Having talked about how to get the most out of a reading along with creating your own spreads before, so here I'll focus on how to capture that enlightenment for your future self. Since divination is also called 'channeling', you act as the bridge or messenger for the information. So it's incredibly common for tarot practitioners to hardly remember any of their readings!

Here's a list of journaling prompts for almost any tarot spread:

Initial issue statement.

In one clear sentence, what has the Seeker come for guidance? What is the concern, question or topic?

The spread, questions and clarifiers.

A picture is not enough. You can easily forget what our intentions for each card was. Things can already get clutter-y fast when getting into detail, so it's a good idea to use links to pre-existing spreads and questions, then record anything you might have added. If you improvised a spread, you can create a separate note only for this spread's design, then link that into your reading note!

Initial reaction.

What stood out the most at first glance? What was your first gut feeling?

The detailed interpretation.

Everyone has their own style of interpreting. Some go card-by-card and so look only the overall connections between cards. some tell themselves a story. when you get into interpretations don't forget the most important thing!:

Your own unique observations.
Every reading is unique. what stood out about this one? may be a particular deck's design has a more positive visualization of the four of cups. Did you feel like the hermit looks particularly sad today for some reason? Write it down.
Voices and associations.
Some of us hear or think of extremely specific words, phrases, maybe even songs. these associations often push us towards a specific interpretation of a card of combination of cards, or guide us to ask very specific clarifiers.

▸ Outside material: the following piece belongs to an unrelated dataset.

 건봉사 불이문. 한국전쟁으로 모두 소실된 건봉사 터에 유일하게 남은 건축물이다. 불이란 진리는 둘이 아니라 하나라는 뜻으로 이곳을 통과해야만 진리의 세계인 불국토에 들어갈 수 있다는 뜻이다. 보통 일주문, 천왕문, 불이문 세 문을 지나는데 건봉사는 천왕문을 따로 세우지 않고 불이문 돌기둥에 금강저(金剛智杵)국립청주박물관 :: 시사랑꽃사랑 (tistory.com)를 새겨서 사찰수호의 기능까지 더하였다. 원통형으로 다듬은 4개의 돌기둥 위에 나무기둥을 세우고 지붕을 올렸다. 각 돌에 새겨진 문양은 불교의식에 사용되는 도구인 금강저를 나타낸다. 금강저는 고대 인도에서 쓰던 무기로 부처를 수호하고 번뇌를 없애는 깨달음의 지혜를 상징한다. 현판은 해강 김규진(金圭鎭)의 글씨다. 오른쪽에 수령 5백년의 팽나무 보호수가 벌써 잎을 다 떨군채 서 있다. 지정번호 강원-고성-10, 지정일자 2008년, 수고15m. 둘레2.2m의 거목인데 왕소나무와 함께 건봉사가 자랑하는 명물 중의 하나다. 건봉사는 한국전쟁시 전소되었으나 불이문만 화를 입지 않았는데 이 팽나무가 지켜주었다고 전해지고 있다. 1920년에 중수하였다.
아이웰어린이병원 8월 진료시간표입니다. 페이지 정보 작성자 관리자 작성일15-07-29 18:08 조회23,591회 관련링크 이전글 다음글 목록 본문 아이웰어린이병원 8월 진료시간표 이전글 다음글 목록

Things you learned and actions to take! tarot readings are all about creating clarity, getting answer or at least feeling unblocked, informed, enlightened. You shouldn't leave a reading feeling lost, so make sure you have some kind of conclusion or further guidance.


If you're in a rush or just need a refresher, a short one or two sentence blurb of the spread can help a lot. better yet, add this to the top of your note after you're done doing all of the above.

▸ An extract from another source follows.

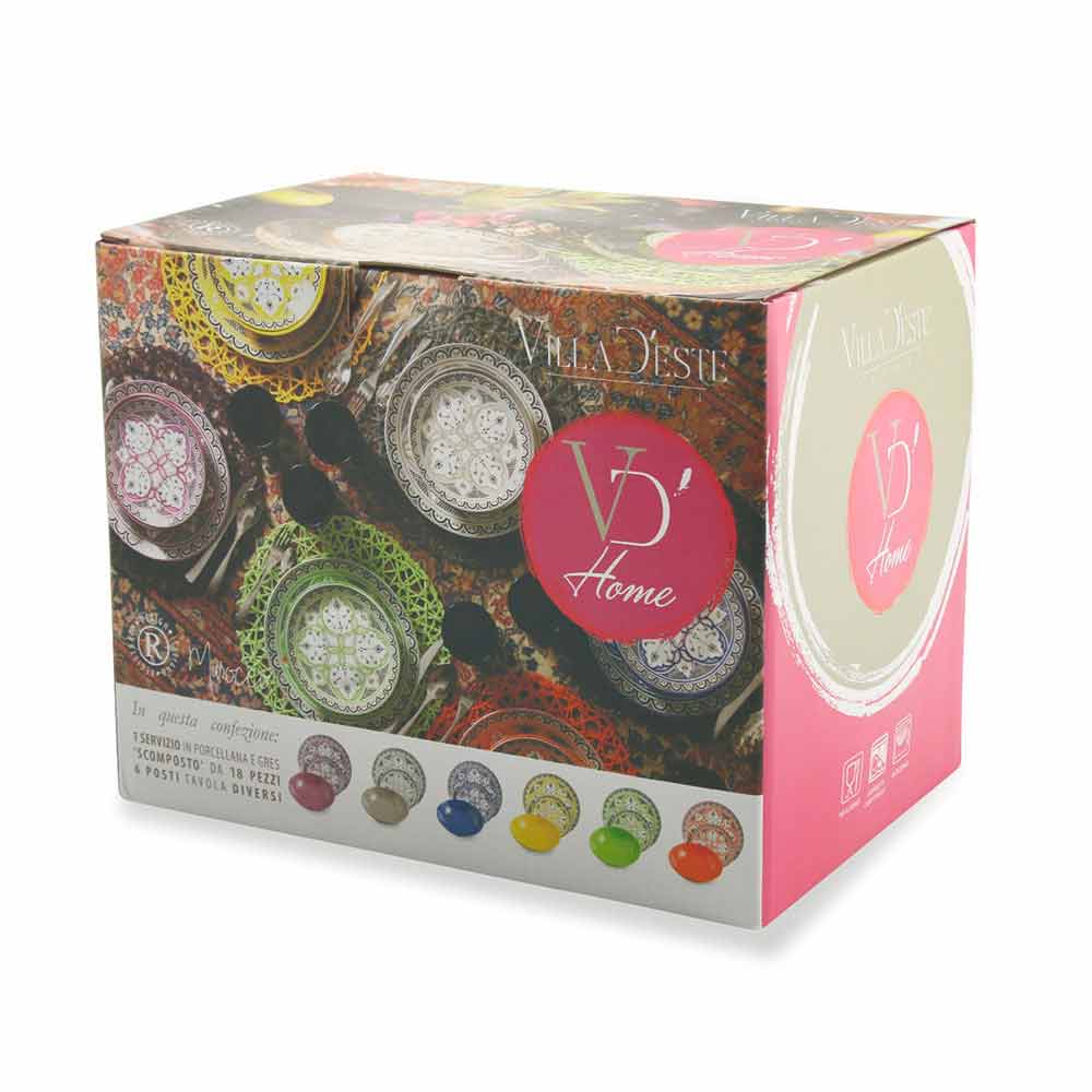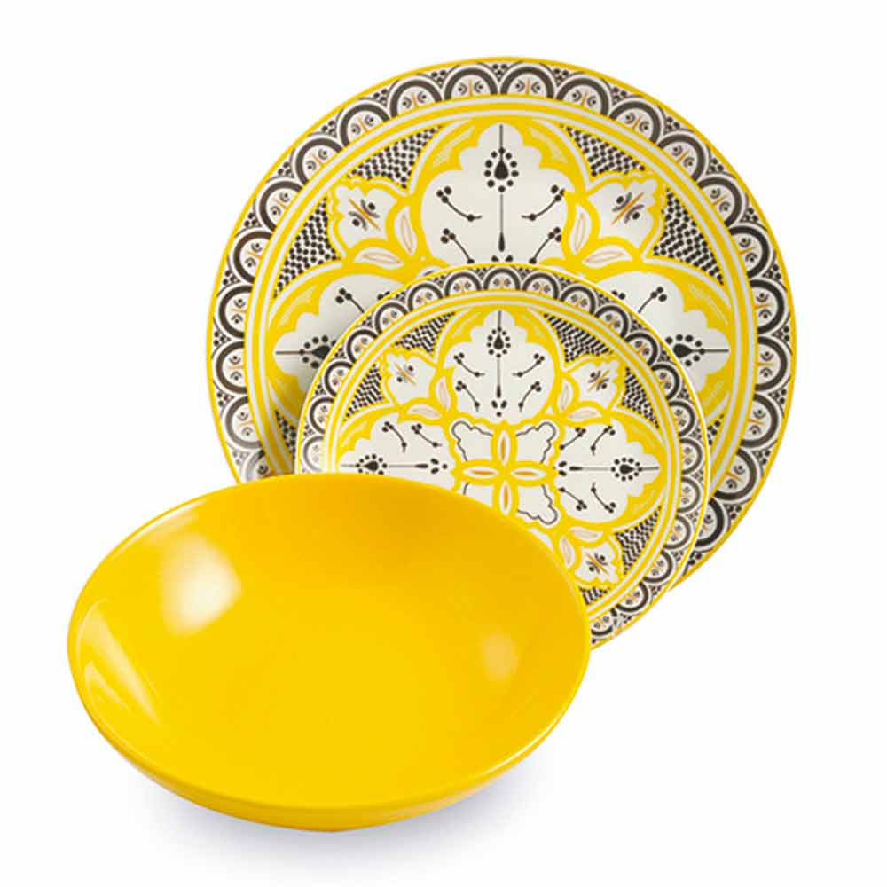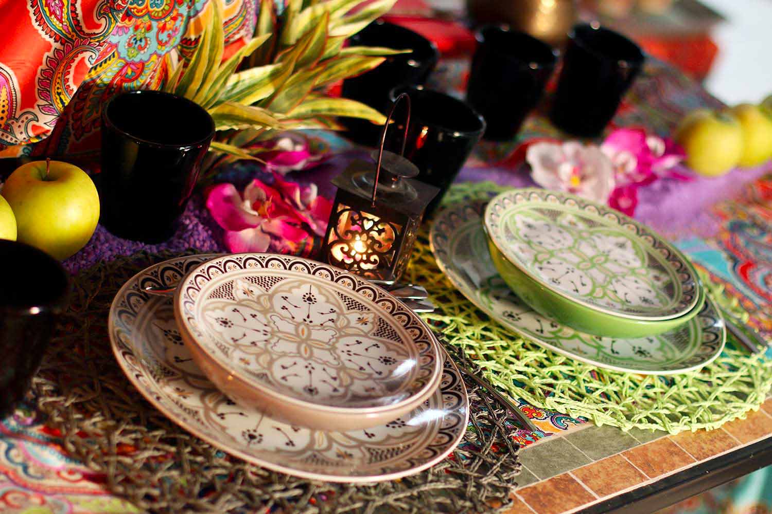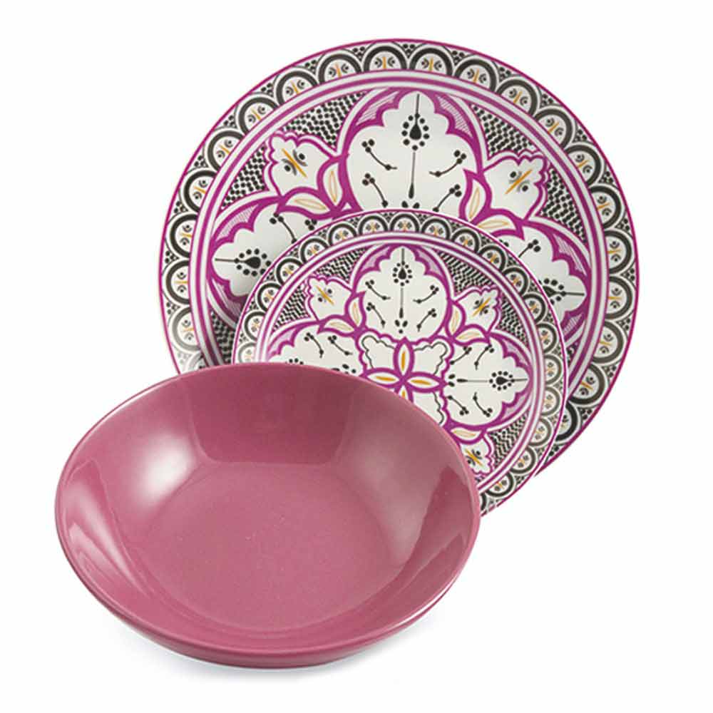 Servicio de platos étnicos en porcelana y gres coloreado y moderno 18 piezas - Fez

Another good thing to have at the top of the note is a post-scriptum days or weeks after the fact. what happened? did you realize the cards were saying something else in retrospect? this is a window forr your future self to learn from reflection.



Post Scriptum

All this scrutinizing continues to give me so many ideas. Weaponized with these tips I'll be challenging myself to keep a digital tarot journaling habit and... see how that goes! I would love the app to make you happy to journal rather than a chose or something you forget. Now, in addition to your comments, Tweets and mails, I can also have my own pool of experience on how to make digital tarot journaling work — and then how to improve it with my app!


Will you be joining me for this experiment?